A well-established company with a long-term record of dividends provides a measure of safety for investors. Dividends, after all, are much more stable than earnings projections. More important, dividends are impossible to fake — either the company has the cash to pay dividends, or it doesn’t.

That’s not to say that there won’t be surprises that affect every company in a particular industry. But well-established, dividend-paying stocks have the asset size and the financial clout — including solid balance sheets and strong cash flow — to weather market downturns or changing industry conditions.

Canadian dividend stocks offer both capital gain growth potential as well as regular income from dividend payments. In fact, dividends are still likely to be paid regardless of the ups and downs of the underlying stock prices.

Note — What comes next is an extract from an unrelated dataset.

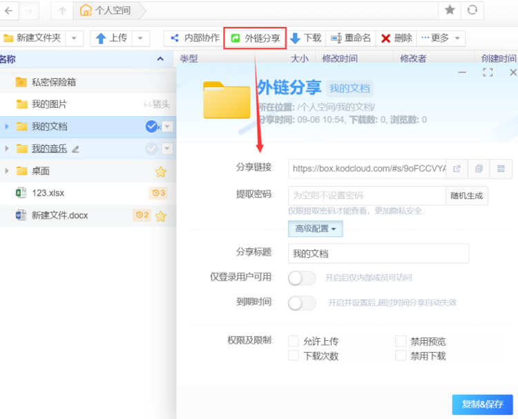 内部协作分享分配给其他人的权限最多可配置项,基于自己当前在该目录的权限。

Resident Canadians who hold Canadian dividend stocks get an additional bonus. Their dividends are eligible for the dividend tax credit. This means that dividend income will be taxed at a lower rate than the same amount of interest income (around 27% for investors in the highest tax bracket for dividends, compared to 50% for interest income). Investors in the highest tax bracket are taxed on capital gains at a rate of 25%.

Among Canadian dividend stocks, one stock that has caught our attention is a utility that supplies electricity to over 2 million customers in Canada, as well as participating in a number of foreign markets. In addition, it holds hotels and commercial real estate in Atlantic Canada. With a sound plan for growth and exclusive licenses in some markets going as far ahead as 2031, this company has strong, long-term potential.

Even better, this company increased its quarterly dividend by 19% this year, giving it an annual dividend yield of close to 4%. In fact, increases are nothing new for this company: it has increased its dividend for 35 consecutive years.

A couple of decades ago, you could assume that dividends would supply up to about one third of the stock market’s total return. Dividend yields dropped as stock markets rose over the last few years, and supplied perhaps a quarter of the market’s total return. But with stock prices down lately, and dividend yields back up, they can now supply again around one third of total returns.

When you add in the security of stocks that can have paid dividends for decades or more, and include the potential for tax-advantaged capital gains as well as dividend income, Canadian dividend stocks are an attractive way to increase profit with less risk.